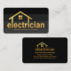 Overleaf, in a black cover, the gold "electrician-home" logo you can use is at the top. This is followed by your prestigious name, the contact details and a slogan option to publicise your services. All lettering are in faux gold.
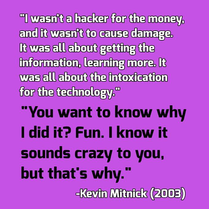 2003: As Kevin Mitnick's parole was ending and he was about to return to the Internet, "The Return of the Super-hacker" was published. It contains numerous quotes from an interview of Mitnick, including these two - which sum up 80s and early 90s hacking. https://bit.ly/2Rwt8m9 pic.twitter.com/u4d7cYcnBd
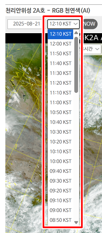 4. 영상 위쪽의 시간 표시 부분을 이용하면 과거의 모습도 돌아볼 수 있습니다. 10분 간격으로 시간을 거슬러 올라가며 구름이 어떻게 이동하고 변화했는지 살펴보는 것은 꽤 흥미로운 경험이 될 거예요.
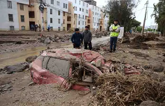 Lima, Perú.- Los cadáveres de un padre y su hijo fueron hallados el lunes por las autoridades de Perú en un paso estrecho de un poblado ubicado en la falda de una colina en la región Arequipa y ya suman cuatro los muertos durante el actual período de intensas lluvias en distintos puntos del país que también han causado daños en casas, caminos y campos agrícolas.
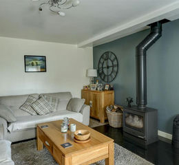 Lounge - 5.89 x 4.56 (19'3" x 14'11") - A highly attractive and spacious living room. The centrepiece is the lovely wood burning stove set upon a hearth. There are two uPVC windows to the front elevation which give the room ample natural light. Karndean flooring. Door leading through to the kitchen dining room.
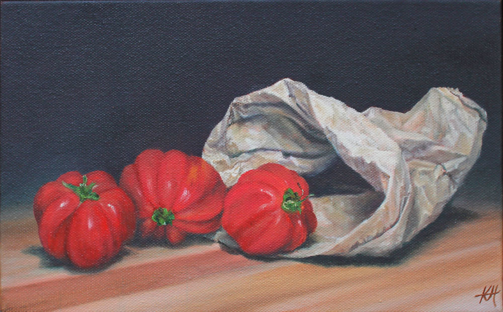 Heirloom Tomatoes by Kirsten Hocking  Image: "Heirloom Tomatoes", original painting by Kirsten Hocking, oil on canvas, 17.5cm x 28cm (framed)
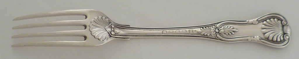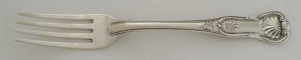 DESCRIPTION | One Georgian silver double struck King's pattern with diamond shell heel dessert fork. |
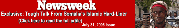 But Somalia's troubles are far from over. Instead of warlords now, Somalis have what many are calling an African version of the Taliban, bent not only on imposing a harsh, Wahhabi-style Islam on the country but allegedly also providing a safe haven, Afghan style, for international terrorists. Movies and music have been banned; open-air video parlors showing World Cup matches were shut down. Recently the group appointed a Majlis al-Shura (consultative council) as its supreme spiritual and policy-setting body, appointing as its leader Sheik Hassan Dahir Aweys, who is on the U.S. terrorist watch list for his connection to a Somali militant group, Al Itihad al-Islamiya. In an exclusive interview with NEWSWEEK last week in Mogadishu, Aweys didn't deny his connection to the militant group but said, "I don't know anything that Al Itihad al-Islamiya did to America. The Americans are targeting us, and there is no power that can protect us from them except Allah." Aweys insisted the group was interested only in opposing Ethiopia, which late last week moved its troops across the border, warning the Islamists against taking complete control of Somalia.
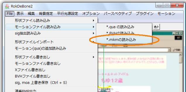 mikoto形式のmqoを読み込んだ状態で、Fileメニューから「モーションファイル読み込み」の「*.mkmの読み込み」を選択します(図1)。
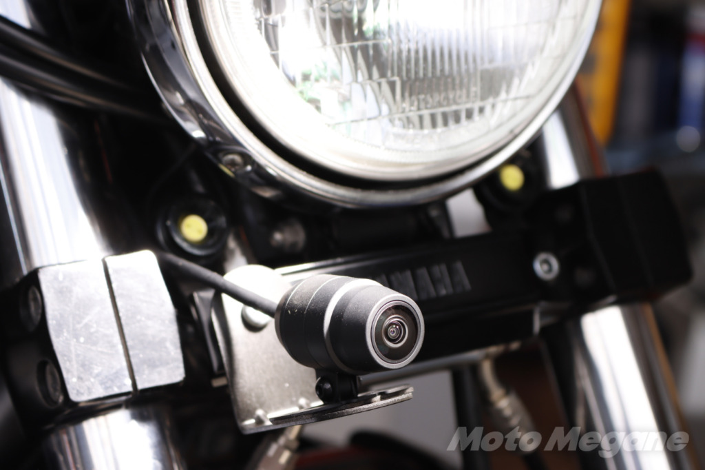 カメラの大きさは27mm径で全長43mm。バイクの車体だと、隠せる場所も少ないので目立ってしまうのは致し方ないところ。

------------------------------------

- **Exercise description**:
Your task is to reproduce every record exactly while omitting the pictures.

- **Output for this exercise**:
 Overleaf, in a black cover, the gold "electrician-home" logo you can use is at the top. This is followed by your prestigious name, the contact details and a slogan option to publicise your services. All lettering are in faux gold.
 2003: As Kevin Mitnick's parole was ending and he was about to return to the Internet, "The Return of the Super-hacker" was published. It contains numerous quotes from an interview of Mitnick, including these two - which sum up 80s and early 90s hacking. https://bit.ly/2Rwt8m9 pic.twitter.com/u4d7cYcnBd
 4. 영상 위쪽의 시간 표시 부분을 이용하면 과거의 모습도 돌아볼 수 있습니다. 10분 간격으로 시간을 거슬러 올라가며 구름이 어떻게 이동하고 변화했는지 살펴보는 것은 꽤 흥미로운 경험이 될 거예요.
 Lima, Perú.- Los cadáveres de un padre y su hijo fueron hallados el lunes por las autoridades de Perú en un paso estrecho de un poblado ubicado en la falda de una colina en la región Arequipa y ya suman cuatro los muertos durante el actual período de intensas lluvias en distintos puntos del país que también han causado daños en casas, caminos y campos agrícolas.
 Lounge - 5.89 x 4.56 (19'3" x 14'11") - A highly attractive and spacious living room. The centrepiece is the lovely wood burning stove set upon a hearth. There are two uPVC windows to the front elevation which give the room ample natural light. Karndean flooring. Door leading through to the kitchen dining room.
 Heirloom Tomatoes by Kirsten Hocking  Image: "Heirloom Tomatoes", original painting by Kirsten Hocking, oil on canvas, 17.5cm x 28cm (framed)
 DESCRIPTION | One Georgian silver double struck King's pattern with diamond shell heel dessert fork. |
 But Somalia's troubles are far from over. Instead of warlords now, Somalis have what many are calling an African version of the Taliban, bent not only on imposing a harsh, Wahhabi-style Islam on the country but allegedly also providing a safe haven, Afghan style, for international terrorists. Movies and music have been banned; open-air video parlors showing World Cup matches were shut down. Recently the group appointed a Majlis al-Shura (consultative council) as its supreme spiritual and policy-setting body, appointing as its leader Sheik Hassan Dahir Aweys, who is on the U.S. terrorist watch list for his connection to a Somali militant group, Al Itihad al-Islamiya. In an exclusive interview with NEWSWEEK last week in Mogadishu, Aweys didn't deny his connection to the militant group but said, "I don't know anything that Al Itihad al-Islamiya did to America. The Americans are targeting us, and there is no power that can protect us from them except Allah." Aweys insisted the group was interested only in opposing Ethiopia, which late last week moved its troops across the border, warning the Islamists against taking complete control of Somalia.
 mikoto形式のmqoを読み込んだ状態で、Fileメニューから「モーションファイル読み込み」の「*.mkmの読み込み」を選択します(図1)。
 カメラの大きさは27mm径で全長43mm。バイクの車体だと、隠せる場所も少ないので目立ってしまうのは致し方ないところ。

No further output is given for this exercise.